This memorial website was created by our family in lasting memory of our mother, Visitacion Singian Dimzon, whom we have lovingly called "Inang".


Inang was born on August 28, 1928, in a small town in Porac, Pampanga, to Eulalio Singian and Trinidad Icban. She had 3 brothers, Cesar, Ben, Celestino, and two sisters, Severina and Rosita.

 

She met and married Antonio Dimzon, with whom she had 8 children, May, Mario, Eddie, Susan, Bong, Rico, Willie, and Tetez; 4 daughters-in-law, Ellen, Emily, Elinor, & Nancy, and 2 sons-in-law, Wilfredo & Noel.

 

She was blessed with 9 grandchildren, Lawrence, Mariel, Claudette, Lien, Leanna, Kevin, Miguel, Mark Anthony, and Celine.
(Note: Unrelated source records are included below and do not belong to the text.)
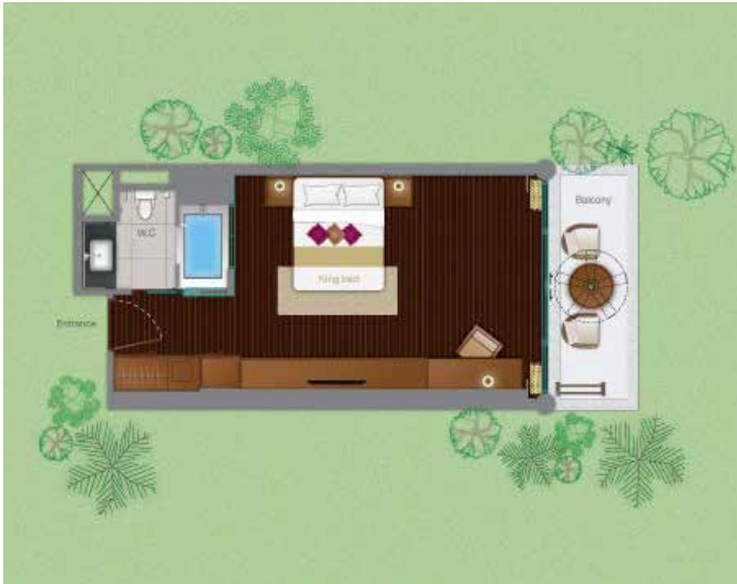
Junior Lagoon View Suite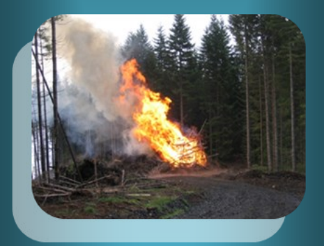
Open burning of forest residues produces more air pollution than wood bioenergy production.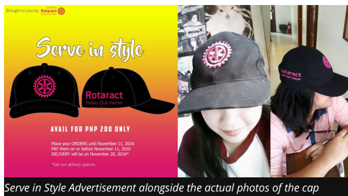
Serve in Style Advertisement alongside the actual photos of the cap

Different Rotaract and Interact clubs bought the caps, as well as some Rotarians. Rotaract caps, Interact caps and Rotary caps were sold at ₱ 200, ₱ 175 and ₱ 250, respectively.

She was the perfect "Lola" to all of them. In July 2006, the whole family celebrated their 60th Wedding Anniversary.

 

Inang left us for the eternal life to be with God on April 24, 2008 at the age of 79. She lay in state at the Arlington Memorial Chapels and was finally laid to rest at Himlayang Pilipino on April 29, 2008.

 

Inang is missed greatly by family and friends and will be remembered forever.

 

The Dimzon Family continue to thank all our relatives and friends, and all those who have shared in our time of sorrow through prayers and sympathies.

 

If you wish to light a candle, post a tribute, or share your memories with her in this memorial, please click on the buttons on the top.

 

 

 

 

 

 

 

 

 

 

 

 

 

 

 

 

 

 

 

 

 

 

 

 

 

 

 

 


Latest Tributes

Your Dream For Me - Inang, I'm finally an Administrator, fulfilling your dream for me. I know you helped me pray for this promotion. Malakas ka talaga, lalo ngayon, sa Itaas. Hindi completo ang happiness ko dahil hindi ka namin kasama pero alam ko masayang masaya ka para sa akin. There is a bigger challenge ahead of me, but with your continued guidance and prayers, I'm confident I will do well in my new job. You will continue to be my inspiration. My OWWA Administratorship is lovingly dedicated to you. Love, May - from May

Happy Birthday - Sorry for this late greeting but you were in my thoughts during the week of your birthday. I think a lot about you. There are moments when I miss you so much, when I realize I will never see or talk to you again in this life. I'm sorry for all my shortcomings. I wish you were still with us. With much love. - from Willie

Mother - On a piece of square tile that hangs in the dining room, my favorite short poem is scribbled.. and it goes... - MOTHER - "To one who bears the sweetest name And adds lustre to the same Who shares my joys Who cheers when sad The greatest friend I ever had. And there is no other who can take the place of my DEAR MOTHER. Happy birthday, Mother! - from Tetez

My Inspiration - Inang's words of encouragement, her strength and sacrifices have been my inspiration and will always be. She devoted her simple life so dearly to us. The emptiness I feel right now will last forever but I know she will always be watching over us. I miss you so much, Inang. - from Susan

My Other Mother - Up to this point of time 'Inang' is still in my mind, thinking of how she will often called me 'anak'. I have so much treasured memories of her that will always be in my mind and heart. Inang I will keep you in our prayers and will always be remembered. - from Eva Obleada

Latest Memories

Susan - Around same time last year, I was there with you. I will never forget those days and memories we shared together. I had very high hopes that day when I said good bye to you that we still have a lot of time together. How I wished I stayed longer and was able to spend my birthday with you. I then called you on my birthday so you will greet me and you had a very good laugh about it! I wished I can call you and talk to you and hear your laughter once again especially on my birthdays.. I missed you so much, Inang.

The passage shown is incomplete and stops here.